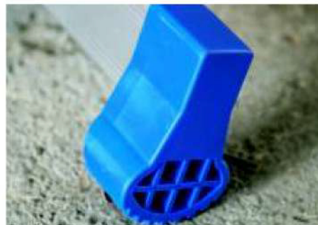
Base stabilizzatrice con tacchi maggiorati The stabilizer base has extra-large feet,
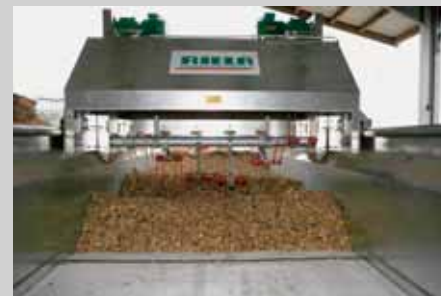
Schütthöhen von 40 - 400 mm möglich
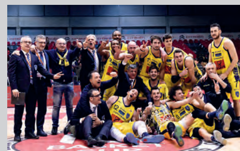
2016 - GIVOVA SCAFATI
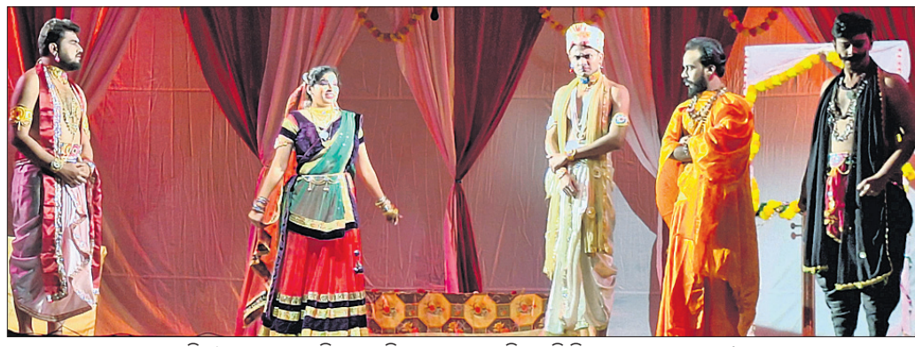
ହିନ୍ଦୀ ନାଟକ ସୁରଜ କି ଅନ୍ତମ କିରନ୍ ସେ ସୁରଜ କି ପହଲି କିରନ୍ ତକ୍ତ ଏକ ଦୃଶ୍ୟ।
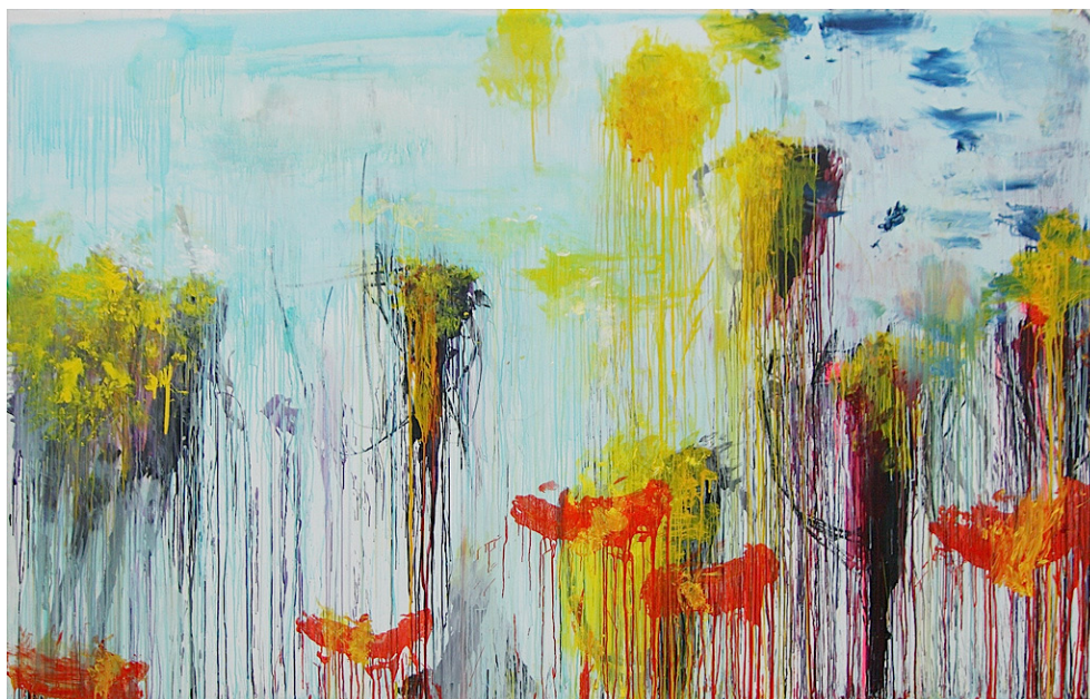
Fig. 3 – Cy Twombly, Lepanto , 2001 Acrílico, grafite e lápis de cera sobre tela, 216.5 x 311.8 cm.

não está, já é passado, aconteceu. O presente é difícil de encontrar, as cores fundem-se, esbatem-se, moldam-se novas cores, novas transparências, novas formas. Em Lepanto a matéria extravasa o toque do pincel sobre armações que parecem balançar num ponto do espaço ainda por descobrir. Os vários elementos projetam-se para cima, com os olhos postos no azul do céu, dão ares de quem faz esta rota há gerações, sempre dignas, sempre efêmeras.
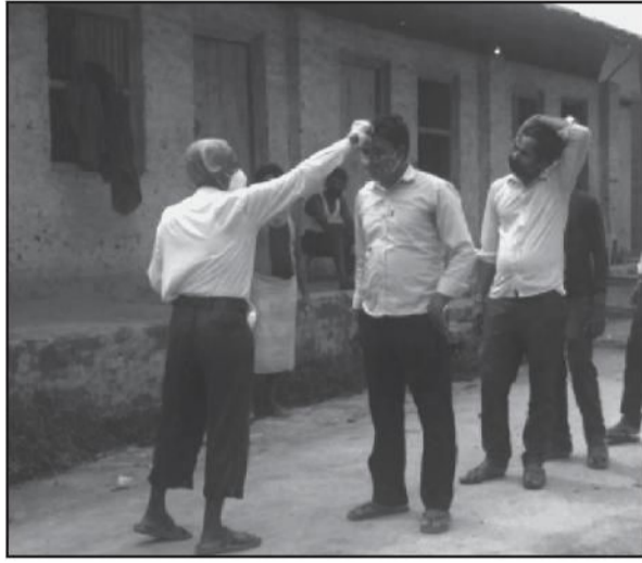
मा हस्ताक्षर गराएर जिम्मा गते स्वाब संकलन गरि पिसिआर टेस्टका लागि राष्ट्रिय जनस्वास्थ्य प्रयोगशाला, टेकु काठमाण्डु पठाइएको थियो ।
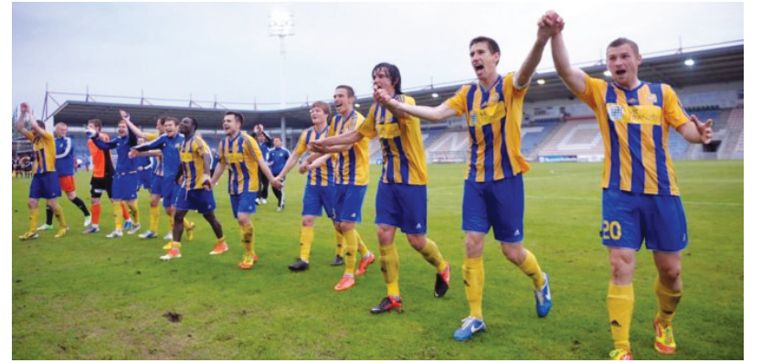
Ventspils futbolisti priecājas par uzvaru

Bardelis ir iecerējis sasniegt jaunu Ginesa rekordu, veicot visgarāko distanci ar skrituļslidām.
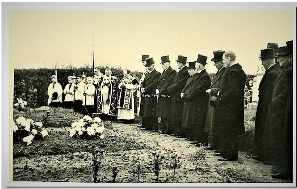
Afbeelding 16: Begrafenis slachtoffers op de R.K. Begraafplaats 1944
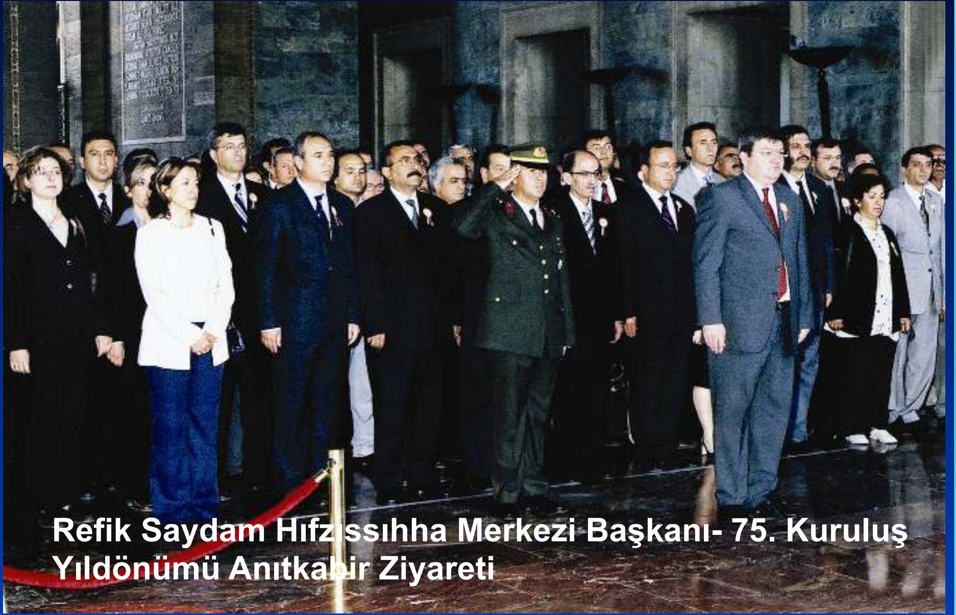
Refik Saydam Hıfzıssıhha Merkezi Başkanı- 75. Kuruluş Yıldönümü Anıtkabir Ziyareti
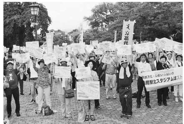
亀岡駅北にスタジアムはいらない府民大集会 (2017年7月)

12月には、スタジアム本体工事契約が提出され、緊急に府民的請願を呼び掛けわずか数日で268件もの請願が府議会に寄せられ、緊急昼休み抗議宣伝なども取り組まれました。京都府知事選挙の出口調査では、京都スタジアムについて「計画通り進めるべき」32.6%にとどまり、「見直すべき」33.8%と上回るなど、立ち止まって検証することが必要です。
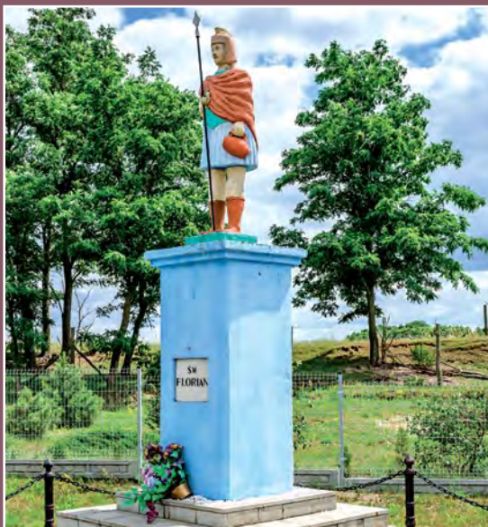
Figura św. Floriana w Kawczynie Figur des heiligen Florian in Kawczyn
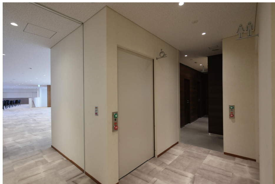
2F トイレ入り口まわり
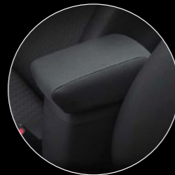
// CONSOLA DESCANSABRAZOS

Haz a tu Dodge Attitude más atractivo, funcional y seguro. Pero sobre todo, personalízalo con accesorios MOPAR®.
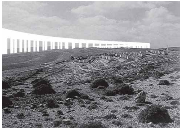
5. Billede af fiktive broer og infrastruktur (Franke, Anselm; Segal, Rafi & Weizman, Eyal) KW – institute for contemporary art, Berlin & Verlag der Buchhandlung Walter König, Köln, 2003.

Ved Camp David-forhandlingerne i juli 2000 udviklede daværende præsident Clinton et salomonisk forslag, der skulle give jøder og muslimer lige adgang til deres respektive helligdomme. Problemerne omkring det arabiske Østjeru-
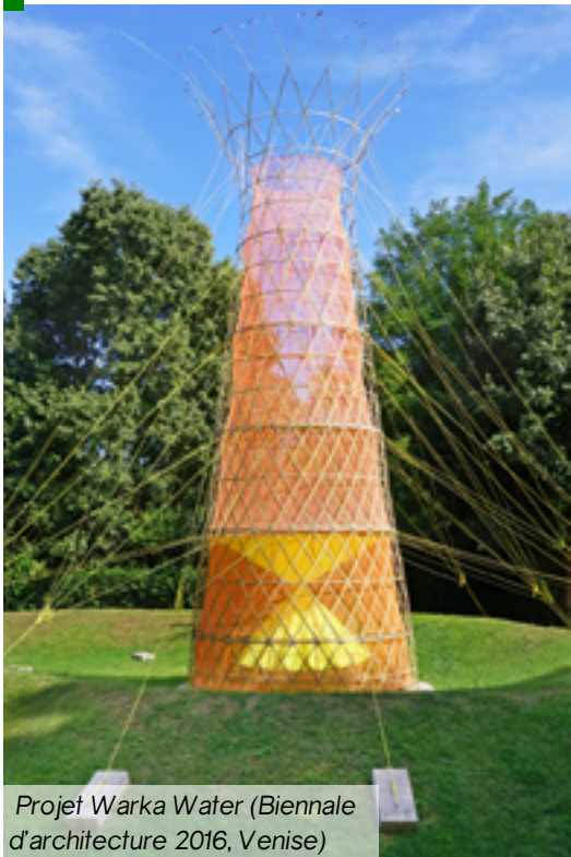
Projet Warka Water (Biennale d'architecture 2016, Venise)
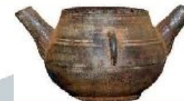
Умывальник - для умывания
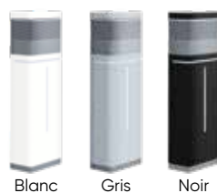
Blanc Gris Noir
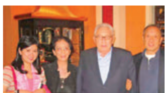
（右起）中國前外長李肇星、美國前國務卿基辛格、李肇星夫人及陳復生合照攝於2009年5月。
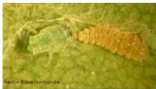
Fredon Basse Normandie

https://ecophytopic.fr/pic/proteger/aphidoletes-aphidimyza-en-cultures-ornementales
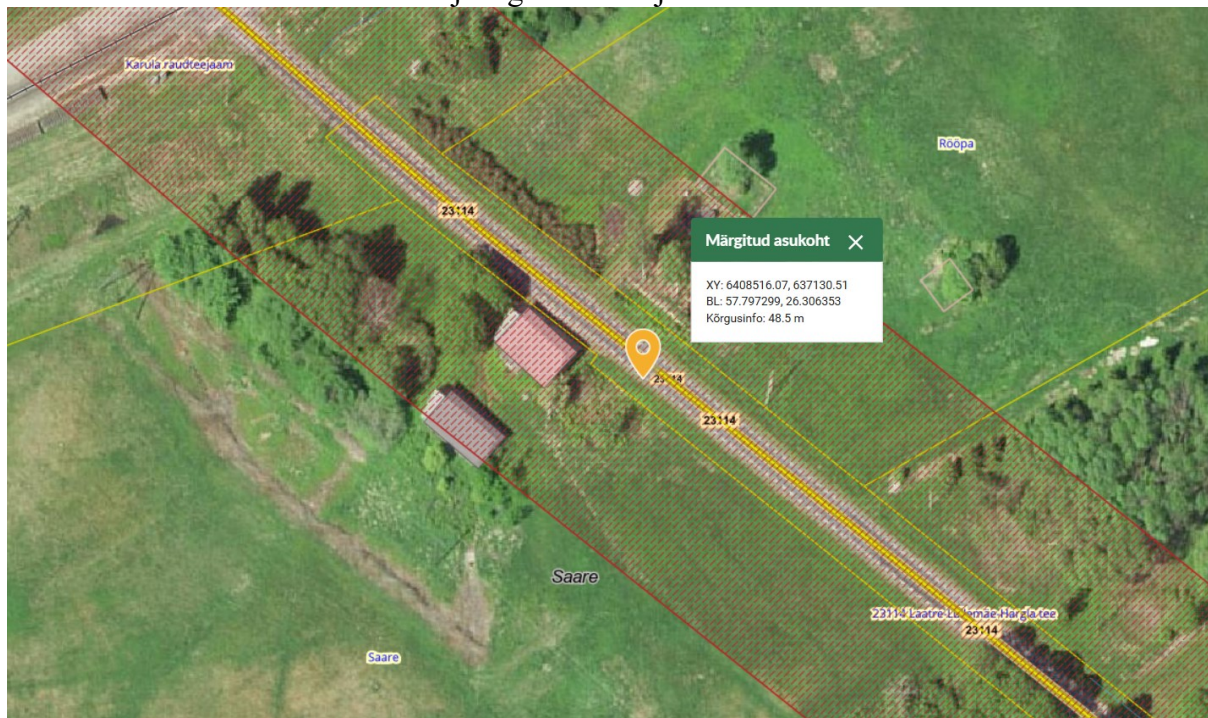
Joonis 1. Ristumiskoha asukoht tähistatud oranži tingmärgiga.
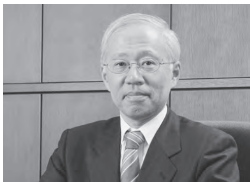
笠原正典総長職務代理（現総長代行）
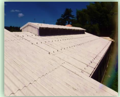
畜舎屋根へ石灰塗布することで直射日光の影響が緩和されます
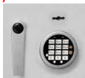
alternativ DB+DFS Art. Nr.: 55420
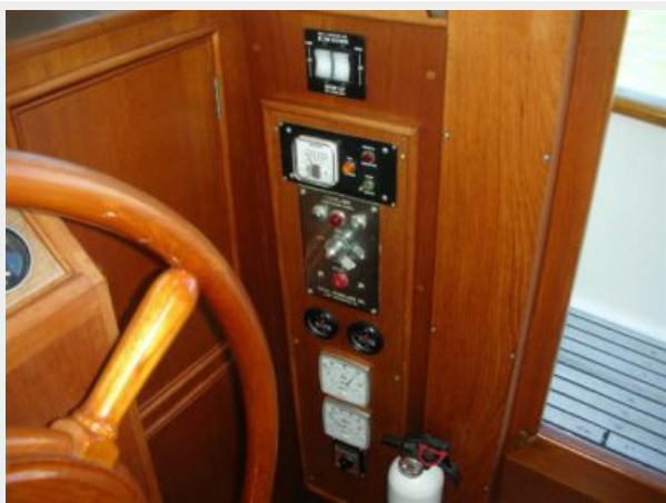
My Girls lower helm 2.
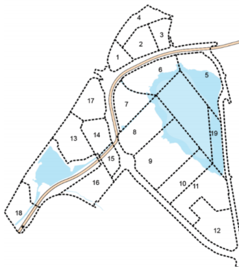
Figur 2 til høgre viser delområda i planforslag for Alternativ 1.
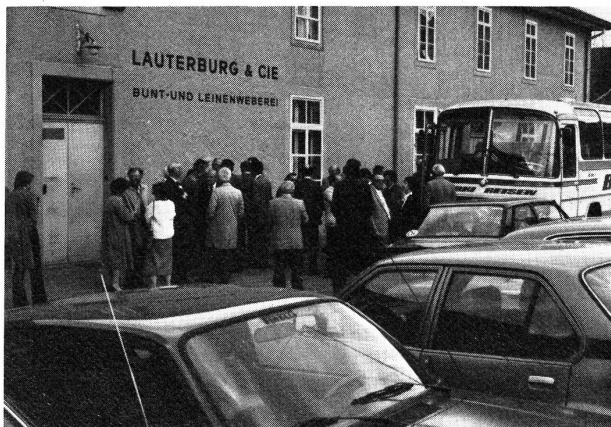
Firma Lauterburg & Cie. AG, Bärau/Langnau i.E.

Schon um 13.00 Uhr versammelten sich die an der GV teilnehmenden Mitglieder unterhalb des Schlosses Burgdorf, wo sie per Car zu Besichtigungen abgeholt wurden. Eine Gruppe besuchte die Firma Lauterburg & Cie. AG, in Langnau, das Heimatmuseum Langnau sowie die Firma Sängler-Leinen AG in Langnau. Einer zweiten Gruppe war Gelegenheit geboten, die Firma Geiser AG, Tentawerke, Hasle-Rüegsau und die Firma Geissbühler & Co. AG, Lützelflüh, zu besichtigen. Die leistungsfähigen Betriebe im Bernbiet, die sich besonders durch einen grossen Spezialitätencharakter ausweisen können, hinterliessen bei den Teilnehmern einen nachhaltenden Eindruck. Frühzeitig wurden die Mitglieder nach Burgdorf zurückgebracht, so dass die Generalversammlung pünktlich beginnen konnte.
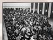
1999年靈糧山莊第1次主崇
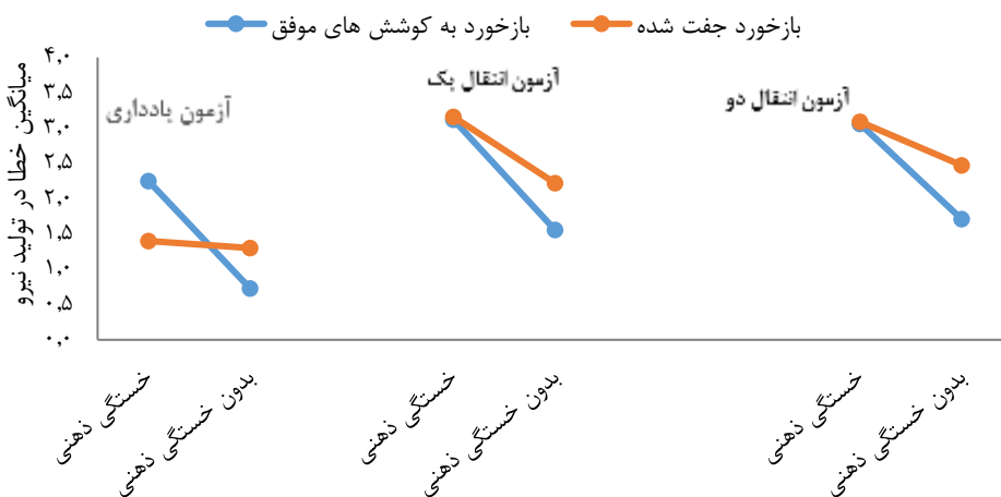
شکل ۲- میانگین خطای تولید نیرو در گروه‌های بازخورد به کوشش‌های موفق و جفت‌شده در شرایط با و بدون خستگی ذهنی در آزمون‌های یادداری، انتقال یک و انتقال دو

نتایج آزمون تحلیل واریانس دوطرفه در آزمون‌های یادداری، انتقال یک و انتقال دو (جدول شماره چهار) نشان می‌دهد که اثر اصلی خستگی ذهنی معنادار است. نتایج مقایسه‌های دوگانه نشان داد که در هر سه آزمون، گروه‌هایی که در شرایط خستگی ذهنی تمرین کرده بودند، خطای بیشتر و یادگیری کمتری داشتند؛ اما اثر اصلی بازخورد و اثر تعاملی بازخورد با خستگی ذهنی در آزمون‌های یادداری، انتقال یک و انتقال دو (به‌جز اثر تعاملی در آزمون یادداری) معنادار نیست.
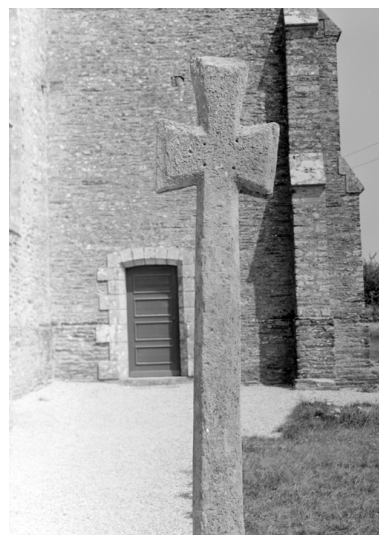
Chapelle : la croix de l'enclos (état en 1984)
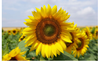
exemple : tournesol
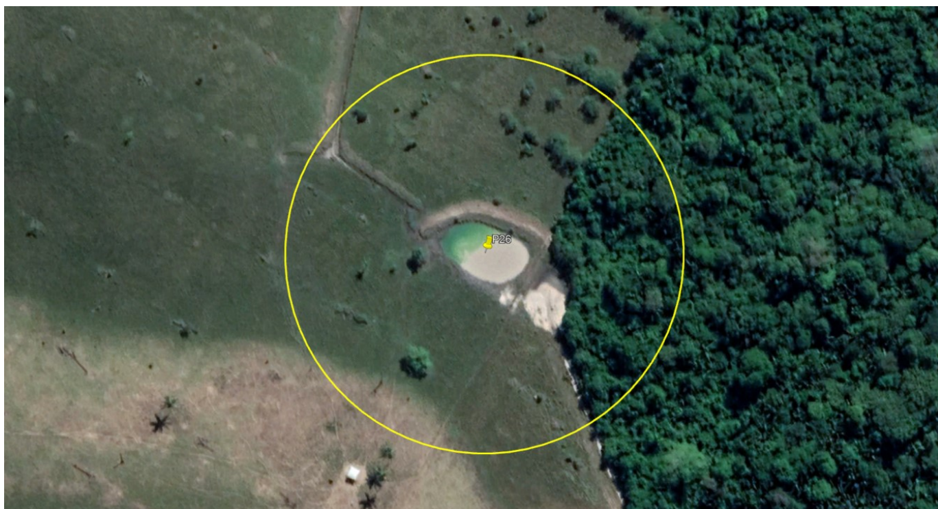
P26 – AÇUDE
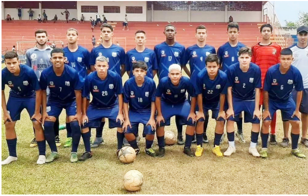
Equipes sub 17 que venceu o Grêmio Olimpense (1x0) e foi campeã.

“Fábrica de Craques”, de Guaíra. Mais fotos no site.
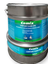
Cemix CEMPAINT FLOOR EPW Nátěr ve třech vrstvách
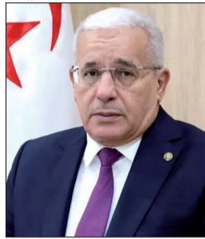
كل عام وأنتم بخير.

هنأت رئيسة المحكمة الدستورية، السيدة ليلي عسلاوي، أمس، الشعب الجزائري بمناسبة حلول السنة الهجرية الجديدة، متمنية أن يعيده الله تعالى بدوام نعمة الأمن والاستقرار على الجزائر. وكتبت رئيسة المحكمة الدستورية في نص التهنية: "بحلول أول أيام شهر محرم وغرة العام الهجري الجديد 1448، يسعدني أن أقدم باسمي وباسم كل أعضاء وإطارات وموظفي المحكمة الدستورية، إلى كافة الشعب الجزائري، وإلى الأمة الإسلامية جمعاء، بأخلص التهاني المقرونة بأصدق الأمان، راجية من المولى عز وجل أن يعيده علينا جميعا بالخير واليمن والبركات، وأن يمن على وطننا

DIRECTIONS
From the material above, copy every line that has the word "گروه" in it.

EXERCISE ANSWER
شکل ۲- میانگین خطای تولید نیرو در گروه‌های بازخورد به کوشش‌های موفق و جفت‌شده در شرایط با و بدون خستگی ذهنی در آزمون‌های یادداری، انتقال یک و انتقال دو
نتایج آزمون تحلیل واریانس دوطرفه در آزمون‌های یادداری، انتقال یک و انتقال دو (جدول شماره چهار) نشان می‌دهد که اثر اصلی خستگی ذهنی معنادار است. نتایج مقایسه‌های دوگانه نشان داد که در هر سه آزمون، گروه‌هایی که در شرایط خستگی ذهنی تمرین کرده بودند، خطای بیشتر و یادگیری کمتری داشتند؛ اما اثر اصلی بازخورد و اثر تعاملی بازخورد با خستگی ذهنی در آزمون‌های یادداری، انتقال یک و انتقال دو (به‌جز اثر تعاملی در آزمون یادداری) معنادار نیست.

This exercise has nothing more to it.